Primary Outcome Measures

Name	Time	Method
Number of Participants With Dose Limiting Toxicity (DLT)	24 hours	DLT which is defined if have any one of the following: Patient Rated Inventory of Side Effects (PRISE): 0-51, higher scores indicate more adverse events observed; Brief Psychiatric Rating Scale (BPRS): 4 - 28, higher scores indicate more symptoms of psychosis; Vitals: blood pressure and heart rate will all be measured - anything outside of the following ranges will be noted: * Symptomatic hypotension, or \> 20% decrease in systolic blood pressure (SBP) from pre-dosing and an absolute SBP \< 90; or; * Symptomatic hypertension, or \> 20% increase in SBP or diastolic blood pressure (DBP) from predosing and absolute SBP \> 170 or DBP \> 95; * New onset tachycardia (heart rate \>100 bpm) and \>20% increase from pre-dosing; or symptomatic bradycardia (heart rate \<60 bpm) and \> 20% decrease from pre-dosing.; * Signs and symptoms of cardiac ischemia, defined by acute ischemic changes on ECG with or without concomitant symptoms
Maximum Tolerated Dose (MTD) of Oral Harmine HCl Based on Dose Limiting Toxicity (DLT)	24 hours	The MTD was determined to be between 100 and 200mg and is weight-based.

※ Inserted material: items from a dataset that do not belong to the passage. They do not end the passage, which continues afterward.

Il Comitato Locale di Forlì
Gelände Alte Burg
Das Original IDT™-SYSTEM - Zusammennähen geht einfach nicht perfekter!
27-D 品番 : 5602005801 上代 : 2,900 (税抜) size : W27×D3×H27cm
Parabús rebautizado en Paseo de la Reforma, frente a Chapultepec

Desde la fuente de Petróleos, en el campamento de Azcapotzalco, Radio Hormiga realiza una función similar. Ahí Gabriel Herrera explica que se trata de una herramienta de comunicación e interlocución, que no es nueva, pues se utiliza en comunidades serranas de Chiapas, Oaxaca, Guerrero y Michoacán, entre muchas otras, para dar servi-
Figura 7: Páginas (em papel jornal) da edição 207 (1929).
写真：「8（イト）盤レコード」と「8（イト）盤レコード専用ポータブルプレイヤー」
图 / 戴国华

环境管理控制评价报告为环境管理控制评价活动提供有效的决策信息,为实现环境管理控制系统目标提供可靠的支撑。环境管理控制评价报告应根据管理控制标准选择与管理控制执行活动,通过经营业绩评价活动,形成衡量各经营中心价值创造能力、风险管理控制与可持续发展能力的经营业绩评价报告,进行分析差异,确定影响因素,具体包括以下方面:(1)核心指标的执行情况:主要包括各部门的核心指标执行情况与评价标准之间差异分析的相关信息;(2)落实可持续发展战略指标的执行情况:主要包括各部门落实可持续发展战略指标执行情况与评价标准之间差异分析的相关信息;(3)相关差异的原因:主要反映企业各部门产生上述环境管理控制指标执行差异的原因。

Secondary Outcome Measures

Name	Time	Method
Visual Analog Scale (VAS) - Nausea	baseline, 0.5, 1, 1.5, 2, 3, 4, 5, 6, 7 8, and 24 hours	Visual Analog Scale (VAS) to characterize psychoactive effects of harmine in healthy adults. Full scale from 0-10, with higher scores indicating subjective states are experienced more strongly
Visual Analog Scale (VAS) - Hunger	baseline, 0.5, 1, 1.5, 2, 3, 4, 5, 6, 7 8, and 24 hours	Visual Analog Scale (VAS) to characterize psychoactive effects of harmine in healthy adults. Full scale from 0-10, with higher scores indicating subjective states are experienced more strongly.

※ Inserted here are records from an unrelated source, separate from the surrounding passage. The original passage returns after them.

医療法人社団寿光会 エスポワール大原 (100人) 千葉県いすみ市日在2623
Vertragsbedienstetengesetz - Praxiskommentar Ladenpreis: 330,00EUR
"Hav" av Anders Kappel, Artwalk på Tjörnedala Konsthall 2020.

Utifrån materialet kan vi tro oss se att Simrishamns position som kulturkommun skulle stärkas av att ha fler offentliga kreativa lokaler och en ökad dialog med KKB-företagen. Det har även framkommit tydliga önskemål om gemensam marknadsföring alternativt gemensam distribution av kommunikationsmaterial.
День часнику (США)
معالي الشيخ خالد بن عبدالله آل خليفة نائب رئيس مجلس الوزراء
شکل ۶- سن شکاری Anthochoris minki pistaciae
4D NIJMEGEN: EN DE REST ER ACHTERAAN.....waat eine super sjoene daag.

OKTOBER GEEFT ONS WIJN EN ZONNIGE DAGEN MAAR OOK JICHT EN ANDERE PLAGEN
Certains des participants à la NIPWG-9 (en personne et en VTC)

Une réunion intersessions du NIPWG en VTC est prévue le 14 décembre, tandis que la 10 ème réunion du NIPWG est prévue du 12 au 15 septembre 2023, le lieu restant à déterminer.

Visual Analog Scale (VAS) - Feeling High/Intoxicated	baseline, 0.5, 1, 1.5, 2, 3, 4, 5, 6, 7 8, and 24 hours	Visual Analog Scale (VAS) to characterize psychoactive effects of harmine in healthy adults. Full scale from 0-10, with higher scores indicating subjective states are experienced more strongly
Visual Analog Scale (VAS) - Drowsiness	baseline, 0.5, 1, 1.5, 2, 3, 4, 5, 6, 7 8, and 24 hours	Visual Analog Scale (VAS) to characterize psychoactive effects of harmine in healthy adults. Full scale from 0-10, with higher scores indicating subjective states are experienced more strongly
Visual Analog Scale (VAS) - Anxiety	baseline, 0.5, 1, 1.5, 2, 3, 4, 5, 6, 7 8, and 24 hours	Visual Analog Scale (VAS) to characterize psychoactive effects of harmine in healthy adults. Full scale from 0-10, with higher scores indicating subjective states are experienced more strongly
Visual Analog Scale (VAS) - Depressed Mood	baseline, 0.5, 1, 1.5, 2, 3, 4, 5, 6, 7 8, and 24 hours	Visual Analog Scale (VAS) to characterize psychoactive effects of harmine in healthy adults. Full scale from 0-10, with higher scores indicating subjective states are experienced more strongly.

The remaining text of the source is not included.